===== RECORDS PROVIDED

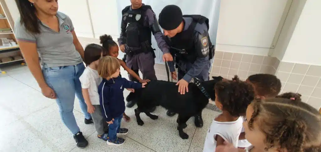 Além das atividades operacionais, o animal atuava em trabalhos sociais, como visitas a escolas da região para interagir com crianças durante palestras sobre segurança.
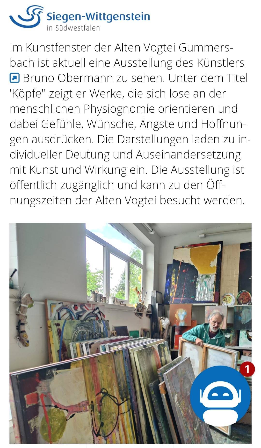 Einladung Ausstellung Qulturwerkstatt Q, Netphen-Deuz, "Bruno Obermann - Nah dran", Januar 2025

==========
===== RECORDS PROVIDED

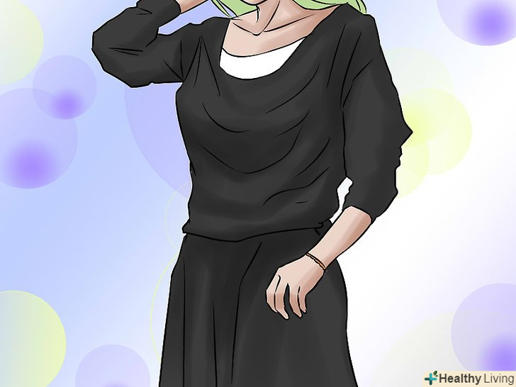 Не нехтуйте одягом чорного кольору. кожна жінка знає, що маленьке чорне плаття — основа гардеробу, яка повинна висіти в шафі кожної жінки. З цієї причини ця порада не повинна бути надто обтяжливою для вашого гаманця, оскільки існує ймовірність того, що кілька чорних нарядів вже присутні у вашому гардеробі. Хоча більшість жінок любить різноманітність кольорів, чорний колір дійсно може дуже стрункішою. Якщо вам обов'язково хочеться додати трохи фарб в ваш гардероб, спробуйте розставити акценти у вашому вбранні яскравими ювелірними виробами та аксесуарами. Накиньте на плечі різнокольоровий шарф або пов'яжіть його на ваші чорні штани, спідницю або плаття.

==========

→ **TASK**: Copy exactly the material above from the line with "Além das atividades" to the line with "Einladung Ausstellung Qulturwerkstatt", ends included, and nothing else. Leave out any picture.

→ **RESULT FOR THIS EXERCISE**:
 Além das atividades operacionais, o animal atuava em trabalhos sociais, como visitas a escolas da região para interagir com crianças durante palestras sobre segurança.
 Einladung Ausstellung Qulturwerkstatt Q, Netphen-Deuz, "Bruno Obermann - Nah dran", Januar 2025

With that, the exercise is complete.